What is pairs trading?
Pairs trading is one of those classic quantitative finance ideas that's easy to explain. You take two assets that usually move together - like Coca-Cola and Pepsi, or two major index funds like SPY and QQQ - and when they drift unusually far apart, you bet they'll come back together. You buy the one that's fallen behind and sell the one that's run ahead, profiting when the gap closes.
The standard way to measure that divergence is with a z-score. Think of a z-score as a "weirdness meter": it tells you how many standard deviations the current spread is from its recent average. A z-score of +2 means the pair is unusually far apart - about as extreme as the top 2.5% of historical readings. A z-score near 0 means everything looks normal. When the z-score gets extreme enough, the strategy enters a trade expecting things to revert.
This works fine, but it throws away a lot of information. A z-score tells you how far apart two assets are. It says nothing about how they got there.
Why the path matters
Go back to the two scenarios from the opening. In the first there is the slow, steady drift - maybe something fundamental changed. A new regulation, an earnings surprise, a sector shift. The divergence might not revert at all. In the second scenario of a spike-then-follow - there's a clear leader-follower dynamic. One asset moves, the other reacts with a delay, and that kind of divergence tends to resolve.

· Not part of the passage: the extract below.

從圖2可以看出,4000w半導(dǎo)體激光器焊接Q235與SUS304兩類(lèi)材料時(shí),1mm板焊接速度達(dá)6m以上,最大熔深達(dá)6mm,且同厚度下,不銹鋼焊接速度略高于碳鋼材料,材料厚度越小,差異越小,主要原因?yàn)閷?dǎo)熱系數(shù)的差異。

To see the difference geometrically, imagine plotting Asset A's price on one axis and Asset B's price on the other, then tracing the path over time. When both assets drift apart in parallel, the path is roughly a straight line - there's no enclosed area. But when one asset moves first and the other follows with a delay, the path curves back on itself and traces a loop.

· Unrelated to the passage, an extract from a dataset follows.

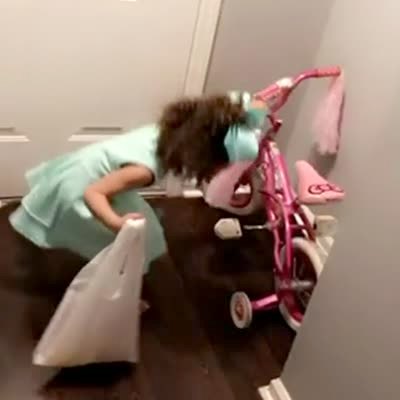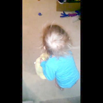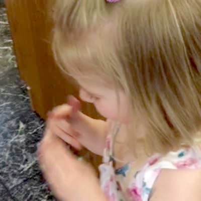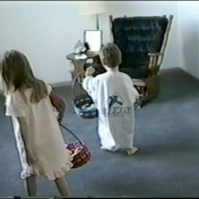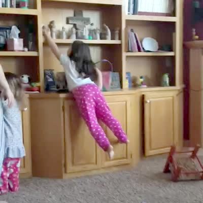 A young girl passes gas when she climbs a cabinet during an Easter egg hunt with a tot girl in the living room.

The Lévy area measures exactly this: the signed area enclosed by two paths as they evolve together. It comes from a branch of mathematics called path signature theory - essentially a framework for summarizing the shape of a journey rather than just the destination. Instead of asking “where did these prices end up?”, path signatures ask “what pattern did these prices trace along the way?”
I didn't use the full signature machinery - it can get quite involved. I focused on one specific piece, the Lévy area, because it's the simplest component that captures ordering and lead–lag structure. Intuitively, it measures whether Asset A tended to move before Asset B, or vice versa - whether there was a leader and a follower, or whether they just drifted apart in parallel.
A large Lévy area (positive or negative) means the paths looped - one asset led the other - and the divergence is more likely to revert. A Lévy area near zero means no clear lead–lag, which could mean the divergence is structural and might stick.
That decision to use just this one piece ended up being one of the most important choices in the project. When you're exploring a new idea, keeping the experiment small and interpretable matters a lot more than throwing in everything the theory offers.
What I built
I kept the codebase intentionally small and research-oriented. The pipeline downloads minute-level price data from Yahoo Finance, computes rolling Lévy areas for asset pairs, and then compares two strategies on out-of-sample data (data the strategy has never seen during setup - a standard safeguard against fooling yourself with hindsight):
- Baseline: enter a trade whenever the z-score gets extreme enough.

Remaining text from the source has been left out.